Si vous avez deviné que toutes ces affirmations sont fausses, vous avez raison - faites un salut. Pas une seule de ces affirmations n'est étayée par des faits, selon la recherche scientifique, les décisions de justice et les autorités gouvernementales légitimes.
Et pourtant, les enquêtes d'opinion montrent que des millions d'Américains, et d'autres dans le monde, croient que certaines de ces faussetés sont vraies et ne peuvent être convaincus du contraire.
Les médias sociaux, les politiciens et les sites web partisans, les programmes télévisés et les commentateurs ont largement diffusé ces affirmations et d'autres affirmations infondées, si fréquemment que de nombreuses personnes disent qu'elles ne savent tout simplement plus ce qui est objectivement vrai et ce qui ne l'est pas.
À tel point que les auteurs d'une nouvelle étude fascinante ont conclu que nous vivons dans une ère de post-vérité, où les croyances sans fondement et les opinions subjectives sont plus prioritaires que les faits vérifiables.
La nouvelle étude, intitulée "The Rise and Fall of Rationality in Language" et publiée dans les Proceedings of the National Academy of Sciences, montre que les faits sont devenus moins importants dans le discours public.
En conséquence, les croyances non étayées ont pris le pas sur les vérités facilement identifiables dans les discussions sur la santé, la science et la politique. Le résultat : Les sentiments l'emportent sur les faits dans les médias sociaux, les reportages, les livres et autres sources d'information.
Et voici le clou du spectacle : cette tendance n'a pas commencé avec l'ascension de l'ancien président Donald Trump, la pandémie de COVID-19 ou l'avènement des médias sociaux ; en fait, elle se développe depuis bien plus longtemps que vous ne le pensez.
Si l'ère actuelle de la post-vérité en a surpris plus d'un, l'étude montre qu'au cours des 40 dernières années, l'intérêt public a connu un glissement accéléré du collectif vers l'individuel, et de la rationalité vers l'émotion, ont conclu les chercheurs de l'université de l'Indiana et de l'université et de la recherche de Wageningen (WUR), aux Pays-Bas.
Nos travaux suggèrent que l'équilibre sociétal entre émotion et raison est revenu à ce qu'il était il y a environ 150 ans, explique le chercheur principal, Marten Scheffer, professeur au département des sciences environnementales de la WUR. Cela implique que les scientifiques, les experts et les responsables politiques devront réfléchir à la meilleure façon de répondre à ce changement social.

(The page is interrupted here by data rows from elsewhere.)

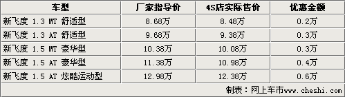 據(jù)廣州本田北京地區(qū)4S店銷售人員介紹,新飛度全系的優(yōu)惠金額與前一陣相比基本沒(méi)變,不過(guò)新飛度 1.5L炫酷運(yùn)動(dòng)版的優(yōu)惠金額上漲到了6000元。新飛度在售車型分為1.3L及1.5L共5個(gè)車型在售,1.3L手動(dòng)舒適版的優(yōu)惠金額仍為2000元,現(xiàn)售價(jià)為8.48萬(wàn)元。1.3L自動(dòng)舒適版的優(yōu)惠金額為3000元,現(xiàn)售價(jià)為9.38萬(wàn)元。1.5L豪華版的手動(dòng)和自動(dòng)車型經(jīng)4000元優(yōu)惠后,現(xiàn)售價(jià)分別為10.08萬(wàn)元和10.98萬(wàn)元,1.5L炫酷運(yùn)動(dòng)版的優(yōu)惠從5000元上漲到了6000元,現(xiàn)售價(jià)為12.38萬(wàn)元。
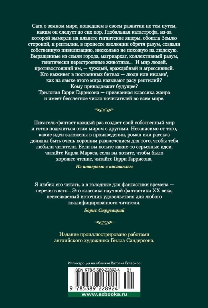 A saga about the Earth world, which has taken a different path in its development than it has followed so far. The global catastrophe that made the planet's giant lizards extinct bypassed the Earth, and the reptiles, in the process of evolution having acquired reason, created their own civilization, not at all similar to the human one. Cities grown from seeds, matriarchy, collective intelligence, genetically rearranged animals... And the human world opposing them is alien, hostile and aggressive. Who will survive the constant battles - humans or the Iilans', as the reptilian race is called in the language of this world? To whom does the future belong? Harry Harrison's trilogy is a recognized classic of the genre and has countless admirers around the world. The edition is illustrated with artwork by British artist Bill Sanderson.
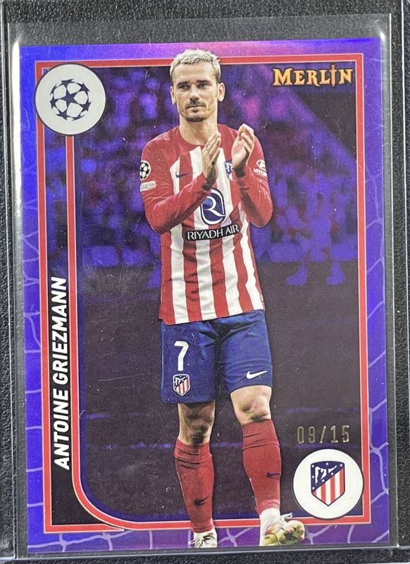 The Antoine Griezmann 2023 Topps Merlin Chrome UEFA Club Competitions #17 Purple Refractor /15 card is 1 of 37 Antoine Griezmann's card variations in the 2023 Topps Merlin Chrome UEFA Club Competitions set being tracked by Sports Card Investor, including Base, Aqua Prism Refractor, Refractor, Vintage Merlin Refractor, and Neon Green Shimmer Refractor /399.
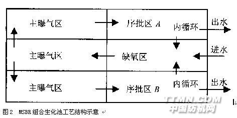 组合式生化反应池共3组,采用钢筋混凝土结构。每组反应池为一矩形水池,用隔墙分为缺氧区,主曝气区,序批区(2个)。工艺结构见图2。污水连续进入缺氧区、主曝气区,然后进入序批区,两个序批区交替充当沉淀池周期运行。若序批区?A沉淀出水,则序批区B 进行缺氧、好氧和静止沉淀等序批反应。序批区B在进行缺、好氧反应的同时,回流混合液进入缺氧区与原污水混合。半个周期结束后,序批区A和序批区B的功能交换,剩余污泥在序批区沉淀出水的后期排放。?
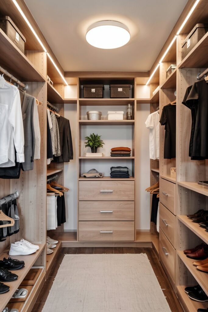 LED lighting is ideal for closets due to its energy efficiency and long lifespan. It produces minimal heat, making it safe for enclosed spaces.

Des chercheurs surpris par les résultats
Les conclusions sont basées sur une analyse très détaillée du langage de millions de livres, d'articles de journaux, de recherches sur Google, de reportages télévisés, de messages sur les médias sociaux et d'autres sources remontant à 1850.
Les chercheurs ont analysé la fréquence d'apparition des 5 000 mots les plus utilisés au cours des 170 dernières années et ont constaté que l'utilisation de ceux ayant trait aux faits et au raisonnement, tels que déterminer et conclure, a chuté de manière spectaculaire depuis 1980. En revanche, l'utilisation de mots liés aux émotions humaines, tels que sentir et croire, est montée en flèche.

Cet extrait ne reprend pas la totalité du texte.